[[ RECORDS FOR THIS EXERCISE, beginning ]]

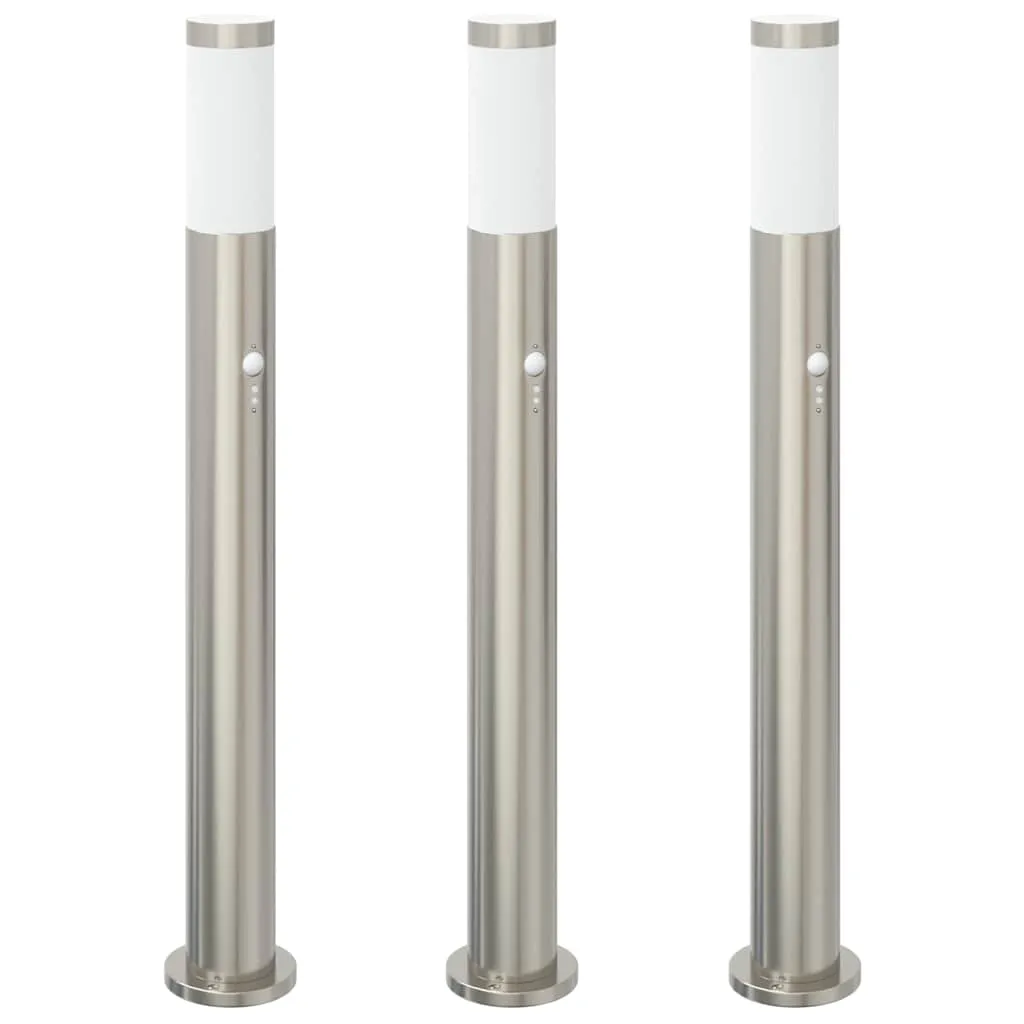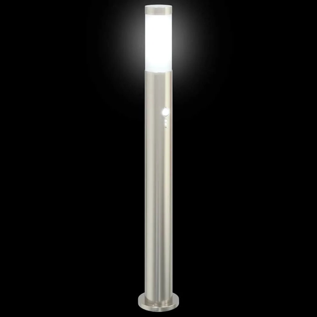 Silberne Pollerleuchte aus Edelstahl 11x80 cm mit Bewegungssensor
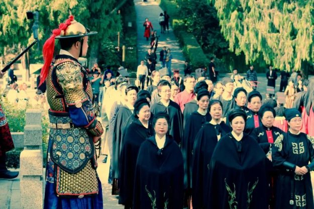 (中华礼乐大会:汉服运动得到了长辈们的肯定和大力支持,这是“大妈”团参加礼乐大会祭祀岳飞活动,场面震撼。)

[[ RECORDS FOR THIS EXERCISE, end ]]
[[ RECORDS FOR THIS EXERCISE, beginning ]]

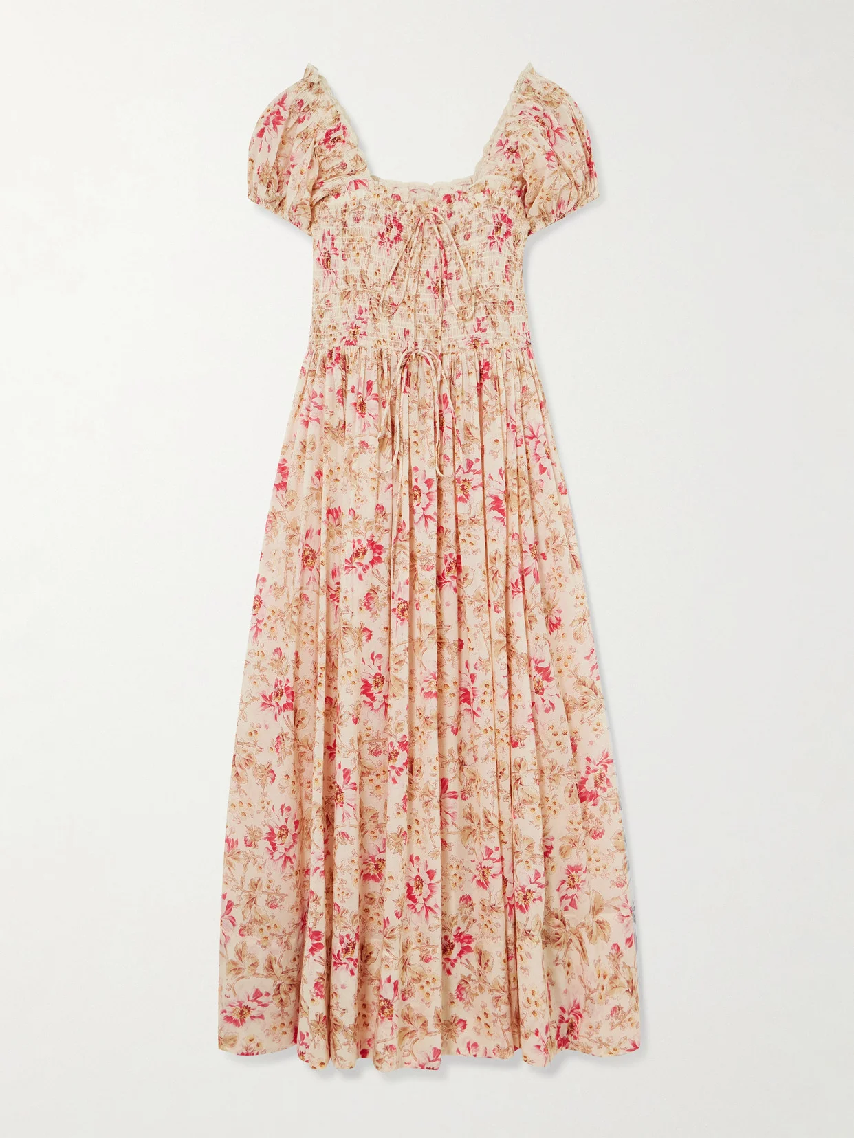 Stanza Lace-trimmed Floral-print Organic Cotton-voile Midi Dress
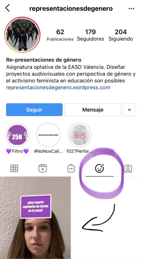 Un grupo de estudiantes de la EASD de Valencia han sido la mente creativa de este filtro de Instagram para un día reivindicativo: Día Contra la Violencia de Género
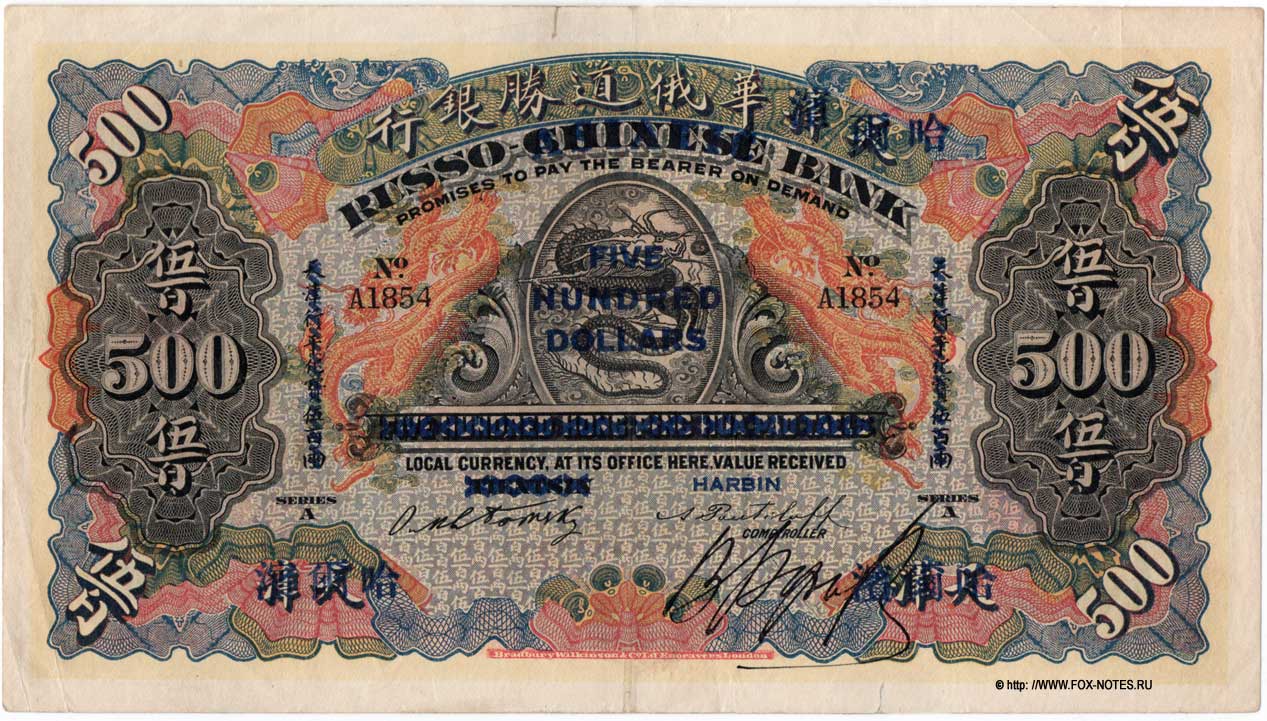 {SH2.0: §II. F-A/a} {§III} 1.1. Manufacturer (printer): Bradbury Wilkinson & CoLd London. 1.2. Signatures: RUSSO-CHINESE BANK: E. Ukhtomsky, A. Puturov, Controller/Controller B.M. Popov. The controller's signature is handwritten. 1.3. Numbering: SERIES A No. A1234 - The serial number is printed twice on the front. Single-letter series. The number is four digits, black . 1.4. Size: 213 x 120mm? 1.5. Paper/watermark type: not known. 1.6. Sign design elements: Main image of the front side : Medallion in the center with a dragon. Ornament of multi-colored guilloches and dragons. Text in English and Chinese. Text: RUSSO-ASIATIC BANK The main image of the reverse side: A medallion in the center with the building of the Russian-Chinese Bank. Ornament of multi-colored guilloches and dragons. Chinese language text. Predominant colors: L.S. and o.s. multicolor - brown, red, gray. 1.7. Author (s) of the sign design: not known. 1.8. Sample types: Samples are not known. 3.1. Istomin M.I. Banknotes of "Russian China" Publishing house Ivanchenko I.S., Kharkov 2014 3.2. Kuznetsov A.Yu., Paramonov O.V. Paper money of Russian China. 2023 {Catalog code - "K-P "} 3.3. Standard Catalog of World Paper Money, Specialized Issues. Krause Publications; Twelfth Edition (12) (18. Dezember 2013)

[[ RECORDS FOR THIS EXERCISE, end ]]

EXERCISE DESCRIPTION — In the entries above, which lines run from the one with "Silberne Pollerleuchte aus" up to and including the one with "(中华礼乐大会:汉服运动得到"? Write them out exactly, without the pictures.

RESPONSE —
 Silberne Pollerleuchte aus Edelstahl 11x80 cm mit Bewegungssensor
 (中华礼乐大会:汉服运动得到了长辈们的肯定和大力支持,这是“大妈”团参加礼乐大会祭祀岳飞活动,场面震撼。)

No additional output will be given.